Unlike batteries that need to be recharged, fuel cells can continue to generate electricity as long as a fuel source (hydrogen) is provided. Individual fuel cells can be "stacked" to form larger systems capable of producing more power, thereby allowing scalability. A single fuel cell can produce enough voltage to power small applications, while fuel-cell stacks can be combined to create large-scale, multi-megawatt installations. Because there are no moving parts, fuel cells are silent and highly reliable.
An extra benefit of the pod configuration is its removable fixtures, where each pod can be disassembled and reassembled in record time. This approach could provide a practical and rapid solution for maintenance and hydrogen refuelling at airports.
The Airbus team admits that the pod configuration still requires a lot of work to determine whether it could be a suitable solution.
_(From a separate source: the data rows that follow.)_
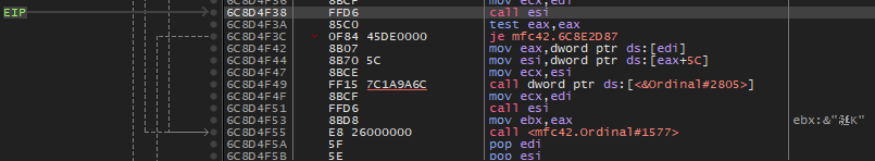 계속해서 F8 키로 진행하다보면 위와 같이 6C8D4F38 주소에서 esi에 있는 어떠한 함수를 호출함으로써 프로그램이 시작된다.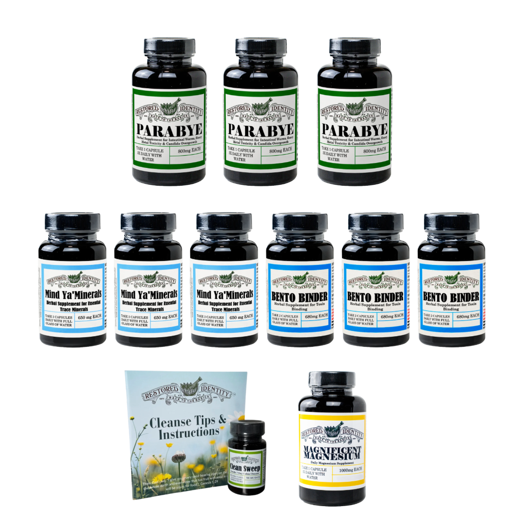 Each Kit comes with step-by-step instructions, a 7-day colon cleanse to complete first to make sure your lines of communication in the body are open, 3 months worth of Parabye and Bento Binder (to kill Parasites, Candida and withdraw heavy metals), 3 months of Mind Your Minerals (to ensure your minerals in the body are balanced while cleansing), One bottle of Revelations Remedy (for deeper cleaning actions) and a bottle of Sweet Dreams (to help you sleep while getting through the rough parts of cleansing).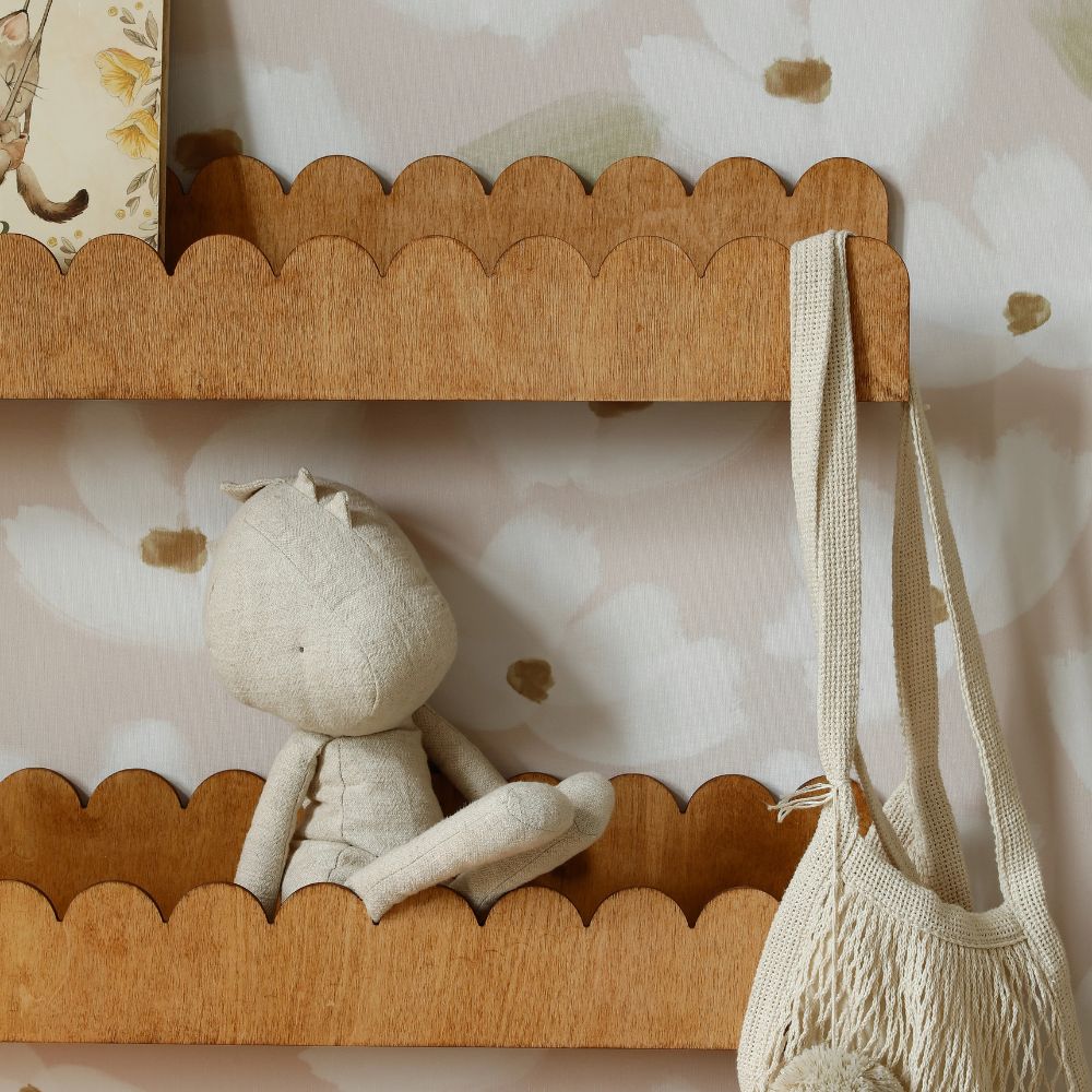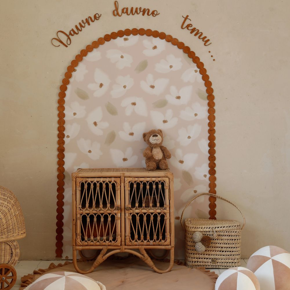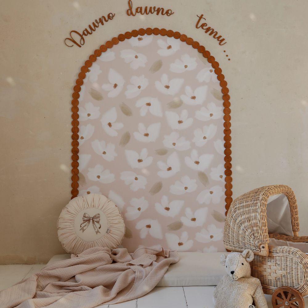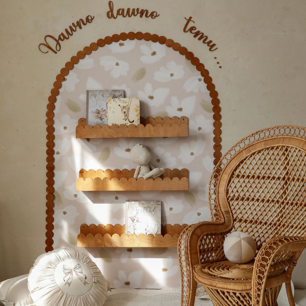 - Pełna bajkowa aranżacja: naklejka (kwiaty na bladoróżowym tle) + drewniana ramka + napis "Dawno, dawno temu..." + 3 półki Falbanka

To date, it remains one of many exciting technology options that the company's engineers are considering as they work toward launching their ZEROe program.
"This pod configuration is a great starting point to nurture further inquiry into how we can scale up hydrogen technology to commercial aircraft," said Glenn Llewellyn, VP of Zero-Emission Aircraft. "This is one option, but many more will be conceptualized before we make a final selection, a decision that is expected by 2025."
Airbus' ZEROe concept aircraft is expected to use hydrogen fuel cells to create electrical power that complements modified gas-turbine engines, resulting in a highly efficient hybrid-electric propulsion system. To further explore the possibilities of fuel-cell propulsion systems for aviation, Airbus has entered into a strategic partnership with ElringKlinger, a company with over 20 years of experience as both a fuel-cell system and component supplier. The agreement involves co-developing and co-validating aviation-compatible fuel-cell stacks. In particular, testing the power density of fuel-cell stacks for aircraft will be a key focus area.
"Battery-powered propulsion to fuel larger aircraft over longer distances is not possible with today's technology," said Thomas. "Hydrogen fuel cells could be a great alternative because they can generate -- with zero emissions -- significantly more power and energy for a given weight. This makes fuel cells an extremely interesting technology to achieve our ambitions."
A patent application for the pod configuration is in the works. Several more patent applications are expected to be submitted over the coming months and years as R&D continues on the ZEROe program.
Airbus is also working on a hydrogen-powered turbofan concept aircraft and a hydrogen-powered blended-wing body concept plane.